Data records.
Segment Open

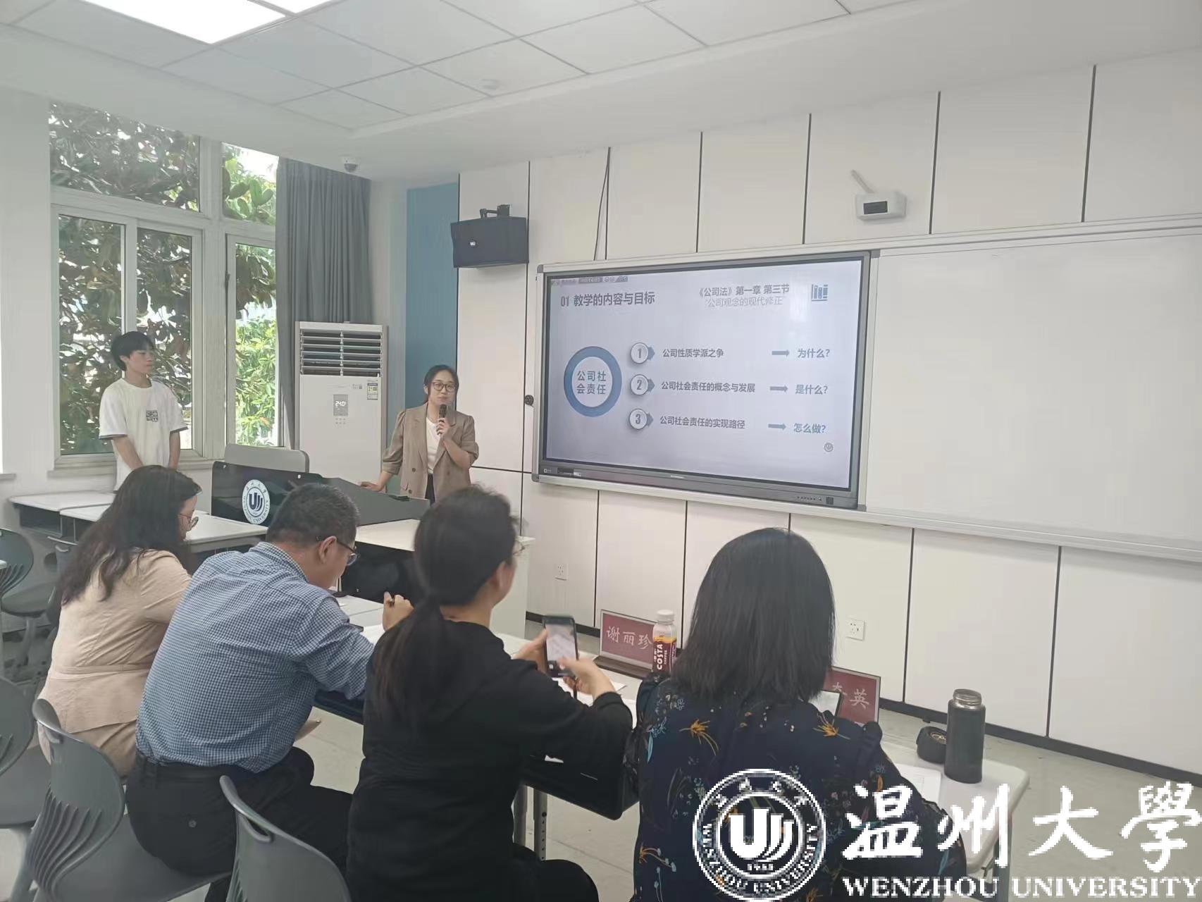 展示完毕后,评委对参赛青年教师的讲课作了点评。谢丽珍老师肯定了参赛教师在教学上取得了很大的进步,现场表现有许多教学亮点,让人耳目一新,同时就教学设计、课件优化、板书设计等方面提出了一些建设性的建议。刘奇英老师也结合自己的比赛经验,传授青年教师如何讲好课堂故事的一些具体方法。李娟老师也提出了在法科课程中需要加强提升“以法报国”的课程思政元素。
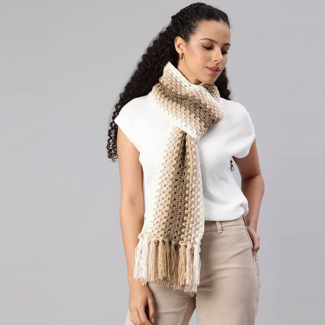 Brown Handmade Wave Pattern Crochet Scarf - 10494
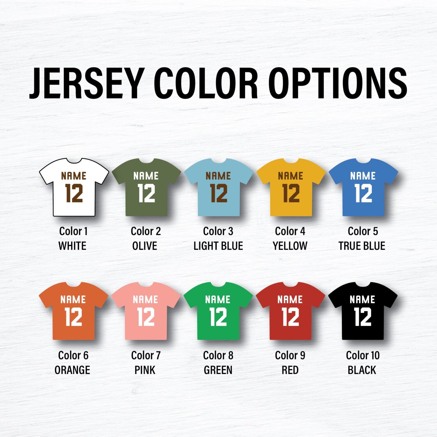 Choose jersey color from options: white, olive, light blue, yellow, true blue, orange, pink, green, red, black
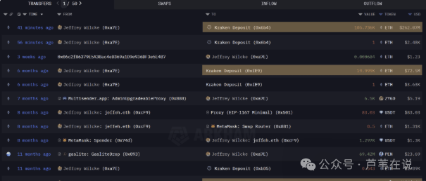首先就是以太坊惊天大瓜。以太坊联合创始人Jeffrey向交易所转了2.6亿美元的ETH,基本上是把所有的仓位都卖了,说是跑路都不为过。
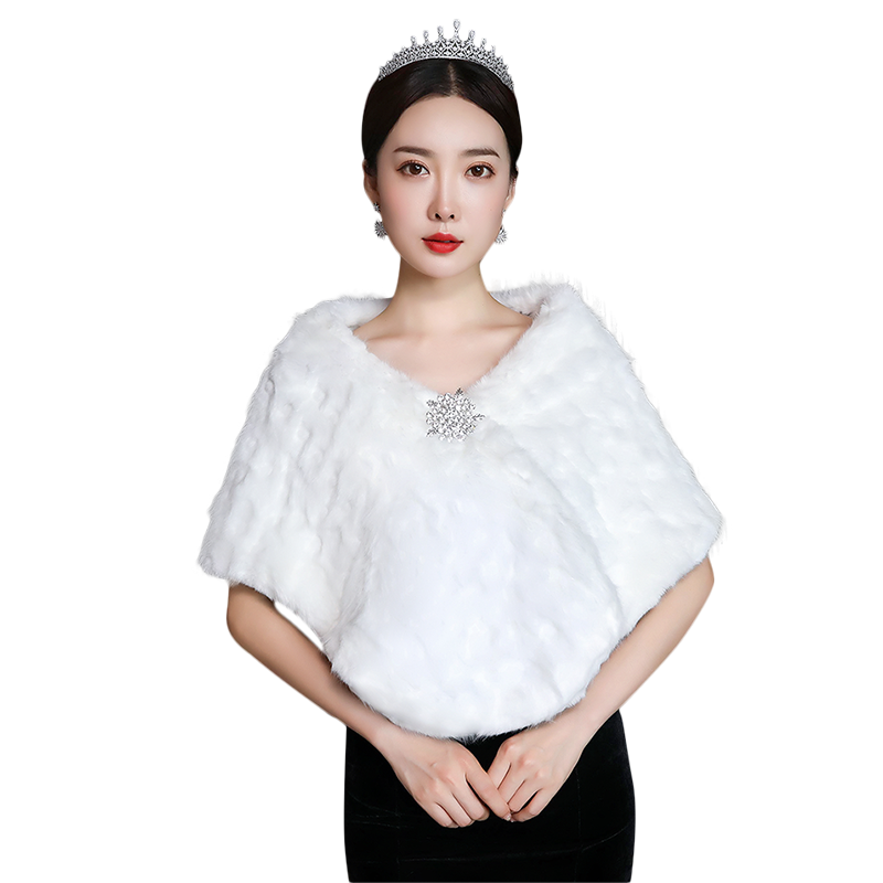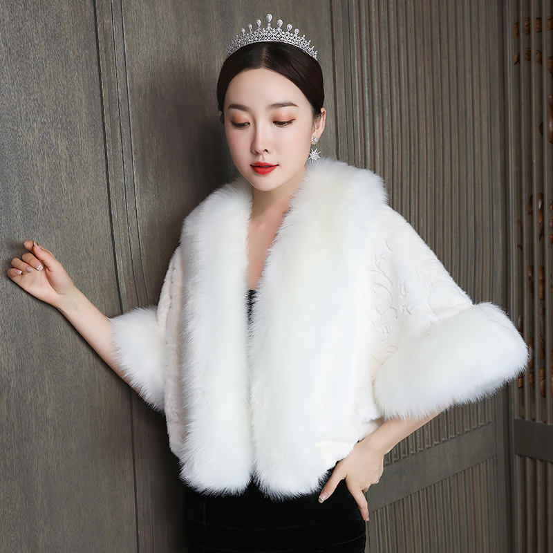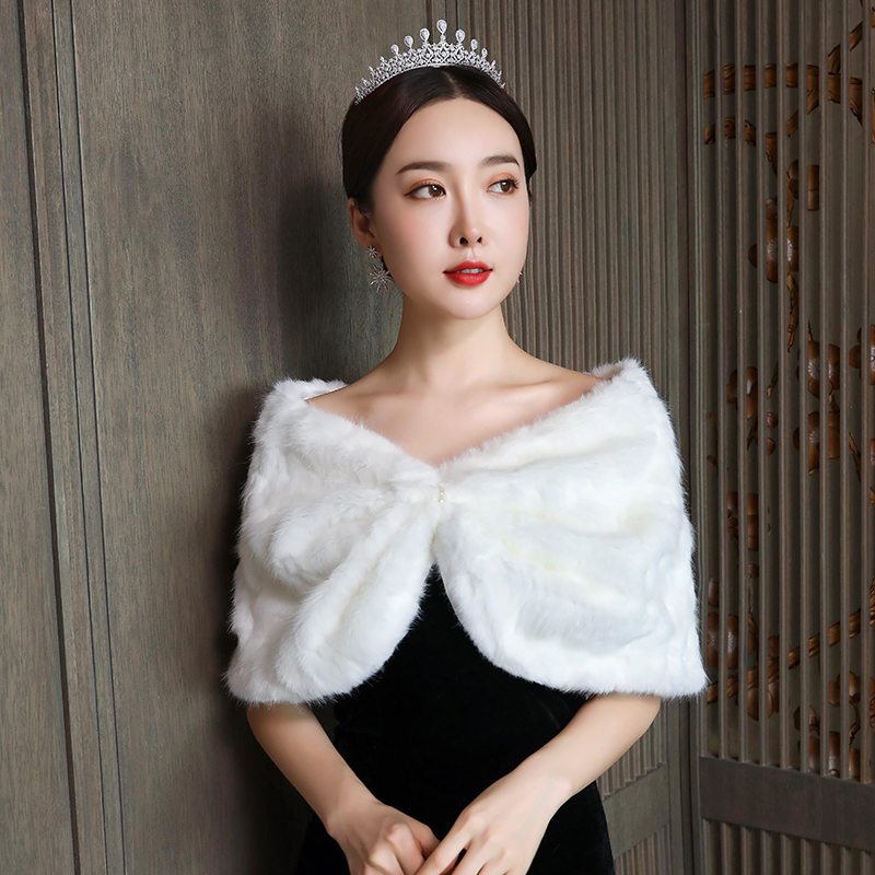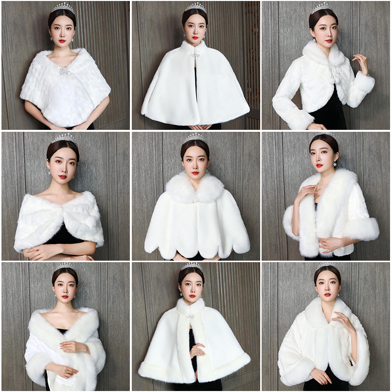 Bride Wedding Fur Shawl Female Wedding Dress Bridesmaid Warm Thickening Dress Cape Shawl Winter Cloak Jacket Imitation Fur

Segment Closed

Instructions to follow.
Give again the stretch of lines above from the one with "Brown Handmade Wave" through the one with "首先就是以太坊惊天大瓜。以太", both ends kept, and copy no pictures.

Expected output.
 Brown Handmade Wave Pattern Crochet Scarf - 10494
 Choose jersey color from options: white, olive, light blue, yellow, true blue, orange, pink, green, red, black
首先就是以太坊惊天大瓜。以太坊联合创始人Jeffrey向交易所转了2.6亿美元的ETH,基本上是把所有的仓位都卖了,说是跑路都不为过。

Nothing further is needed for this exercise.